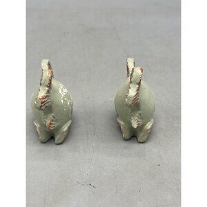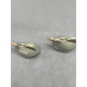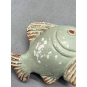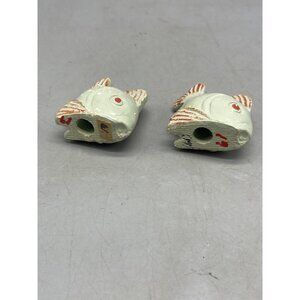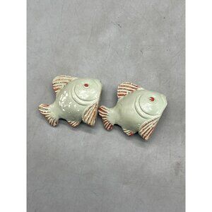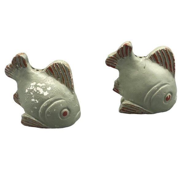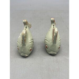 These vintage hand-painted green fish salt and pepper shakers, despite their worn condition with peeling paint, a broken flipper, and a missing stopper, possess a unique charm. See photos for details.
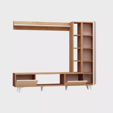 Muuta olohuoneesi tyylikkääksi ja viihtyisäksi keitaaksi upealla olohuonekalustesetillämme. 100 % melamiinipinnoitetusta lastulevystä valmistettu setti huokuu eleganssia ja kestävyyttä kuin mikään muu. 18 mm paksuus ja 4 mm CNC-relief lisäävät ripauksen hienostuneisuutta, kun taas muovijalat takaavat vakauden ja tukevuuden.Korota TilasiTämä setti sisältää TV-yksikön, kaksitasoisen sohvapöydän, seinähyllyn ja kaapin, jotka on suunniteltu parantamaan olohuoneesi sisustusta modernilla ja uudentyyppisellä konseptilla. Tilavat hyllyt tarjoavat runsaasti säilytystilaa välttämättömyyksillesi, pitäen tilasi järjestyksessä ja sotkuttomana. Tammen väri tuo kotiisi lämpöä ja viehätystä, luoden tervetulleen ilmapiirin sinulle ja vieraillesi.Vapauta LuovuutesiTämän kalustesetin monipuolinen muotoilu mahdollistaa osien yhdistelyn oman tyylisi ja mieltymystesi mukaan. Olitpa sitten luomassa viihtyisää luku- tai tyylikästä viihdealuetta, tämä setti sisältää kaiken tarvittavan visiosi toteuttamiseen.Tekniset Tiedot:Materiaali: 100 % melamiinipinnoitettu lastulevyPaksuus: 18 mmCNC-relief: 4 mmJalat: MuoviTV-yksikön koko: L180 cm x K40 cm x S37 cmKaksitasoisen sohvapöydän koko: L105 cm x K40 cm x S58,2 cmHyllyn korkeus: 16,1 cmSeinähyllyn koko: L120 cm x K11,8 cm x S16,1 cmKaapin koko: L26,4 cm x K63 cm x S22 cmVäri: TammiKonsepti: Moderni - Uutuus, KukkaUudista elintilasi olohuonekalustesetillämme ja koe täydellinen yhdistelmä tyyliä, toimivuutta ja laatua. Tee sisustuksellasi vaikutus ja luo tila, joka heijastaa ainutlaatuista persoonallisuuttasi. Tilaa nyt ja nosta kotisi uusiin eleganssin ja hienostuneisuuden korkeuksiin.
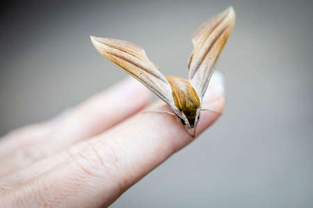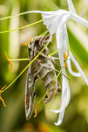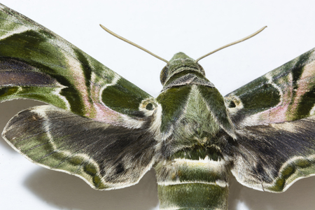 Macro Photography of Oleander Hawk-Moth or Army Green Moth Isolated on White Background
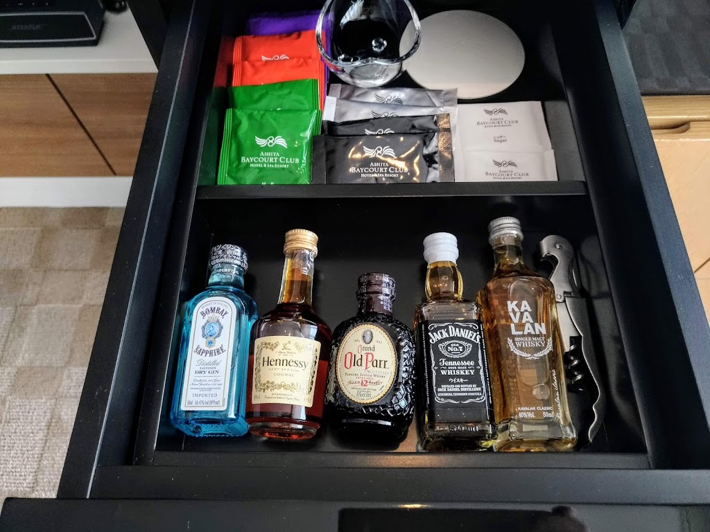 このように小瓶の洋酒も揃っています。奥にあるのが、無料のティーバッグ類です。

▸ Problem to solve
Every line of the data is to be transcribed exactly, and no picture is to be included.

▸ Written response
 These vintage hand-painted green fish salt and pepper shakers, despite their worn condition with peeling paint, a broken flipper, and a missing stopper, possess a unique charm. See photos for details.
 Muuta olohuoneesi tyylikkääksi ja viihtyisäksi keitaaksi upealla olohuonekalustesetillämme. 100 % melamiinipinnoitetusta lastulevystä valmistettu setti huokuu eleganssia ja kestävyyttä kuin mikään muu. 18 mm paksuus ja 4 mm CNC-relief lisäävät ripauksen hienostuneisuutta, kun taas muovijalat takaavat vakauden ja tukevuuden.Korota TilasiTämä setti sisältää TV-yksikön, kaksitasoisen sohvapöydän, seinähyllyn ja kaapin, jotka on suunniteltu parantamaan olohuoneesi sisustusta modernilla ja uudentyyppisellä konseptilla. Tilavat hyllyt tarjoavat runsaasti säilytystilaa välttämättömyyksillesi, pitäen tilasi järjestyksessä ja sotkuttomana. Tammen väri tuo kotiisi lämpöä ja viehätystä, luoden tervetulleen ilmapiirin sinulle ja vieraillesi.Vapauta LuovuutesiTämän kalustesetin monipuolinen muotoilu mahdollistaa osien yhdistelyn oman tyylisi ja mieltymystesi mukaan. Olitpa sitten luomassa viihtyisää luku- tai tyylikästä viihdealuetta, tämä setti sisältää kaiken tarvittavan visiosi toteuttamiseen.Tekniset Tiedot:Materiaali: 100 % melamiinipinnoitettu lastulevyPaksuus: 18 mmCNC-relief: 4 mmJalat: MuoviTV-yksikön koko: L180 cm x K40 cm x S37 cmKaksitasoisen sohvapöydän koko: L105 cm x K40 cm x S58,2 cmHyllyn korkeus: 16,1 cmSeinähyllyn koko: L120 cm x K11,8 cm x S16,1 cmKaapin koko: L26,4 cm x K63 cm x S22 cmVäri: TammiKonsepti: Moderni - Uutuus, KukkaUudista elintilasi olohuonekalustesetillämme ja koe täydellinen yhdistelmä tyyliä, toimivuutta ja laatua. Tee sisustuksellasi vaikutus ja luo tila, joka heijastaa ainutlaatuista persoonallisuuttasi. Tilaa nyt ja nosta kotisi uusiin eleganssin ja hienostuneisuuden korkeuksiin.
 Macro Photography of Oleander Hawk-Moth or Army Green Moth Isolated on White Background
 このように小瓶の洋酒も揃っています。奥にあるのが、無料のティーバッグ類です。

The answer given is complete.